**Data excerpt:**

──────────

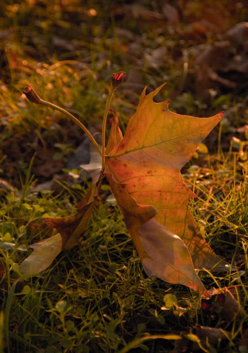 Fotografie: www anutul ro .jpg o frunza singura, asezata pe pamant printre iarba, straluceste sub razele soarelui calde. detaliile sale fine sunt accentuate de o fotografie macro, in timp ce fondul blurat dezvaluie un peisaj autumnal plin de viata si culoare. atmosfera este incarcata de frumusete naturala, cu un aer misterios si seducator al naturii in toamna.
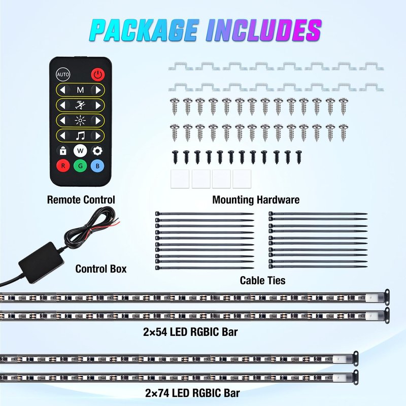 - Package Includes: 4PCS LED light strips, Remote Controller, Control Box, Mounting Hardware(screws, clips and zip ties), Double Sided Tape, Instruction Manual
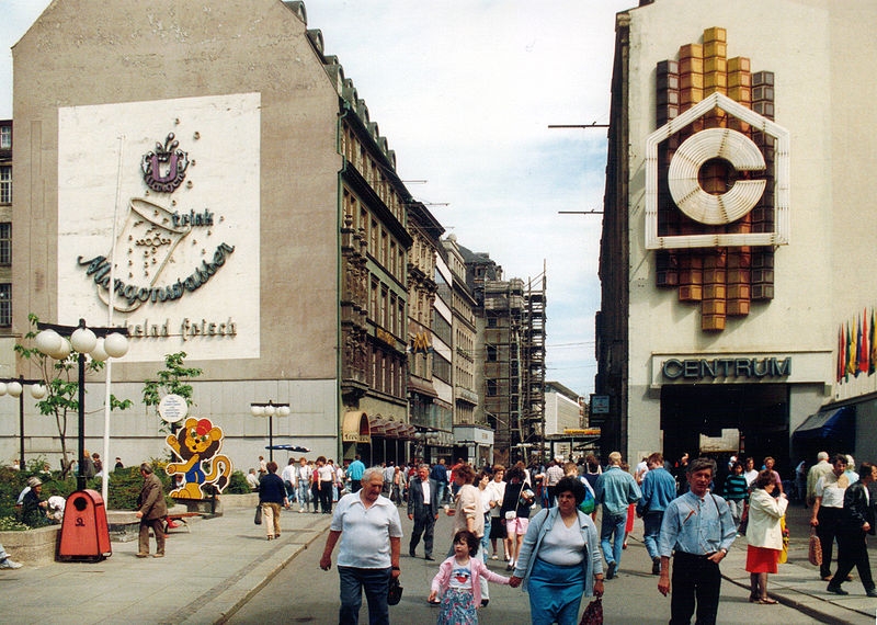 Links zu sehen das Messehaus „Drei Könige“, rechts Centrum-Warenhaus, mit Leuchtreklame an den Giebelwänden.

──────────

**What needs to be done:** The required output is each line above restated verbatim, with all images omitted.

**Solution to the problem:**
 Fotografie: www anutul ro .jpg o frunza singura, asezata pe pamant printre iarba, straluceste sub razele soarelui calde. detaliile sale fine sunt accentuate de o fotografie macro, in timp ce fondul blurat dezvaluie un peisaj autumnal plin de viata si culoare. atmosfera este incarcata de frumusete naturala, cu un aer misterios si seducator al naturii in toamna.
 - Package Includes: 4PCS LED light strips, Remote Controller, Control Box, Mounting Hardware(screws, clips and zip ties), Double Sided Tape, Instruction Manual
 Links zu sehen das Messehaus „Drei Könige“, rechts Centrum-Warenhaus, mit Leuchtreklame an den Giebelwänden.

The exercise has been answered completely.